四半期報告書-第17期第2四半期(令和3年7月1日-令和3年9月30日)
以下の記載のうち将来に関する事項は、当第2四半期会計期間末現在において判断したものです。
(業績の状況)
当第2四半期累計期間の営業利益は140億7千7百万円(前年同四半期累計期間比50%増)、経常利益は139億3百万円(同51%増)、四半期純利益は94億3千2百万円(同52%増)となりました。
新型コロナウイルス感染症の拡大に伴う経済環境の下にあっても、当社の業績は堅調に推移しております。また、今後の広がり方や収束時期等が不透明な状況ではありますが、当社のビジネスモデルは、長期的な経営環境の機会と課題の特徴に対応可能な安定したものであると考えています。
(損益の経過)
受入手数料
① 委託手数料
株式にかかる委託手数料5億1千3百万円(前年同四半期累計期間比3%減)、債券にかかる委託手数料3百万円(同28%増)を計上しました。

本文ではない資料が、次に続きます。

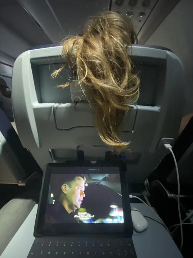Một nữ hành khách tóc dài đã không ngần ngại vắt tóc mình ra sau ghế, mặc cho sự bất tiện của hành khách phía dưới. Theo những hình ảnh được ghi lại, tóc của người này thậm chí còn chạm gần tới chiếc máy tính bảng của hành khách ngồi sau. Đáng buồn thay là cô gái đã không hề thay đổi tư thế trong suốt chuyến bay kéo dài ba giờ đồng hồ sau đó.
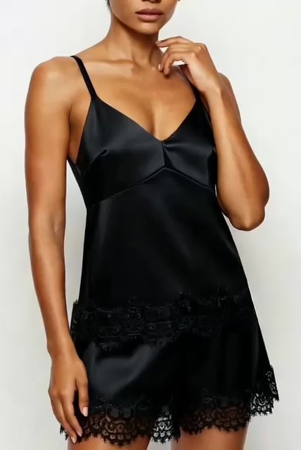Milady melns kimono no sieta un mežģīnēm ar Swarovski kristāliem
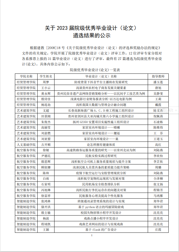 2023屆院級(jí)優(yōu)秀畢業(yè)設(shè)計(jì)(論文)遴選結(jié)果公示
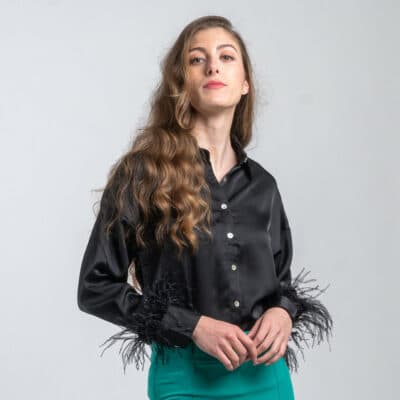 A very designer shirt, with special details on the sleeves for very elegant and feminine outfits, combine it with formal and slim line trousers, as well as with satin trousers.

これにより合計で5億1千6百万円(同2%減)を計上しました。
② 引受け・売出し・特定投資家向け売付け勧誘等の手数料
債券部門で4百万円(前年同四半期累計期間比66%減)の引受け・売出し・特定投資家向け売付け勧誘等の手数料を計上しました。
③ 募集・売出し・特定投資家向け売付け勧誘等の取扱手数料
株式部門で31億4千4百万円(前年同四半期累計期間1億1千9百万円)の募集・売出し・特定投資家向け売付け勧誘等の取扱手数料を計上しました。
④ その他の受入手数料
その他の受入手数料として、主に株式関連業務212億6百万円(前年同四半期累計期間比12%増)、債券関連業務134億3千7百万円(同20%減)を含む358億9千3百万円(同4%減)を計上しました。
以上により合計で395億5千9百万円(同4%増)の受入手数料を計上しました。
トレーディング損益
株券等トレーディングでは37億5千2百万円の利益(前年同四半期累計期間3億3千6百万円の利益)を、債券等トレーディングでは43億3千5百万円の利益(同44億4千7百万円の利益)を、その他のトレーディングでは5千5百万円の利益(同4千6百万円の損失)を計上し、合計で81億4千3百万円の利益(同47億3千6百万円の利益)を計上しました。
金融収支
金融収益は受取配当金34億2千4百万円(前年同四半期累計期間比135%増)、有価証券貸借取引収益14億9千1百万円(同11%減)、受取利息2億1千6百万円(同60%減)を主として、36億1千9百万円(同33%増)を、金融費用は有価証券貸借取引費用35億1千5百万円(同11%減)、支払利息20億8千万円(同32%増)を主として、45億4百万円(同12%増)を計上し、金融収益から金融費用を差し引いた金融収支は8億8千5百万円の損失(前年同四半期累計期間12億7千9百万円の損失)となりました。
販売費・一般管理費
人件費132億7百万円(前年同四半期累計期間比11%減)、グループ会社間における配賦費用120億8千万円(同14%増)、取引関係費39億4千4百万円(同9%増)等、合計で327億4千万円(同1%増)を計上しました。
営業外損益
営業外収益は2百万円(前年同四半期累計期間比0%減)を計上し、営業外費用は1億7千5百万円(同1%減)を計上しました。
特別損益
当第2四半期累計期間は特別損益を計上しておりません。
なお、当社の報告セグメントは、「法人・機関投資家向け証券業務」という単一セグメントであるため、セグメント情報の記載を省略しております。
(財政状態)
当社における自己取引に関する期末上場デリバティブ未決済建玉の会計処理は、銘柄ごとにみなし決済損益を相殺し、資産の部又は負債の部の「デリバティブ取引」勘定のいずれか一方に計上する方法によっておりましたが、第1四半期会計期間の期首から、金融商品取引清算機関との間で授受する先物取引差金の授受をもって当該先物取引の実現損益として処理する方法に変更しております。そのため、当該会計方針の変更を反映した遡及修正後の数値で比較分析を行っております。
① 資産の部
流動資産は7兆7,298億6千9百万円(前事業年度末比36%増)となりました。これは主に有価証券担保貸付金の増加によるものです。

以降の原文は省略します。